Fifty years ago, Chile’s road to socialism suffered a devastating defeat. On September 11, 1973, the Chilean military — spurred by elites, condoned by middle-class sectors, and backed by Washington — toppled Salvador Allende’s Unidad Popular (Popular Unity, UP), a vibrant but strained coalition government helmed by the Communist and Socialist parties. The coup, which global progressives recently commemorated, smashed workers’ organizations, popular movements, and democratic institutions, murdering thousands and sending orders of magnitude more to torture centers, concentration camps, and internal and international exile. In ushering in a seventeen-year dictatorship and laying the groundwork for thirty years of post-authoritarian free-market supremacy in Chile, it also seemed to eliminate one of the most promising experiments from working-class arsenals. The defeat of Allende’s socialist government, just three fast-paced years after its jubilant inauguration, appears to have crushed democratic socialist aspirations the world over. In the ensuing half century, why have socialists not replicated Chilean workers’ electrifying struggle?

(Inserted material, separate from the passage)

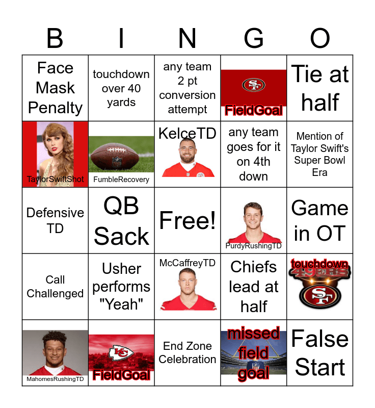 This bingo card has 11 images, a free space and 28 words: touchdown, touchdown, any team goes for it on 4th down, missed field goal, TaylorSwiftShot, any team 2 pt conversion attempt, touchdown over 40 yards, Call Challenged, PurdyRushingTD, MahomesRushingTD, Defensive TD, FieldGoal, FieldGoal, End Zone Celebration, Mention of Taylor Swift's Super Bowl Era, Any team scores 20+ points, Usher performs "Yeah", FumbleRecovery, KelceTD, McCaffreyTD, Face Mask Penalty, Offsides, False Start, QB Sack, Game in OT, Chiefs lead at half, Tie at half and KC Leads at half.

To many radicals today, the UP’s road to socialism, the extraordinarily complex endeavor to build an “institutional apparatus of a new form of pluralistic, free socialist order,” as Allende put it, was doomed from the beginning.1 According to the dominant interpretation, the UP had to either moderate its aims and accommodate elites in order to survive, or abandon all compromise and sharpen the class struggle to accelerate decisive confrontation. Both options portended failure: slowing the process of change in pursuit of conciliation was capitulation; speeding it up toward a final showdown was suicide. After half a century, we must move beyond this dichotomized, and paralyzing, analysis of the UP’s alleged impasse.
One way to evaluate the Chilean road to socialism is by contrasting its trajectory with that of its present-day heirs. Just over fifty years after Allende’s 1970 triumph at the polls, Gabriel Boric, heading a new left alliance known as Apruebo Dignidad with the same Communist Party that anchored the UP, won runoffs following a second-place finish in the November 2021 elections. Both in the ’70s and today, promising radicals in power have succumbed to their opponents halfway into their mandates. Yet while brutal military intervention crushed the UP, Boric’s Apruebogovernment, built around the generation of radical activists spawned by the ground-shaking 2011 student movement and propelled to power in the aftermath of Chile’s 2019 mass rebellion, finds itself overtaken by a rising reactionary right after just two years in office.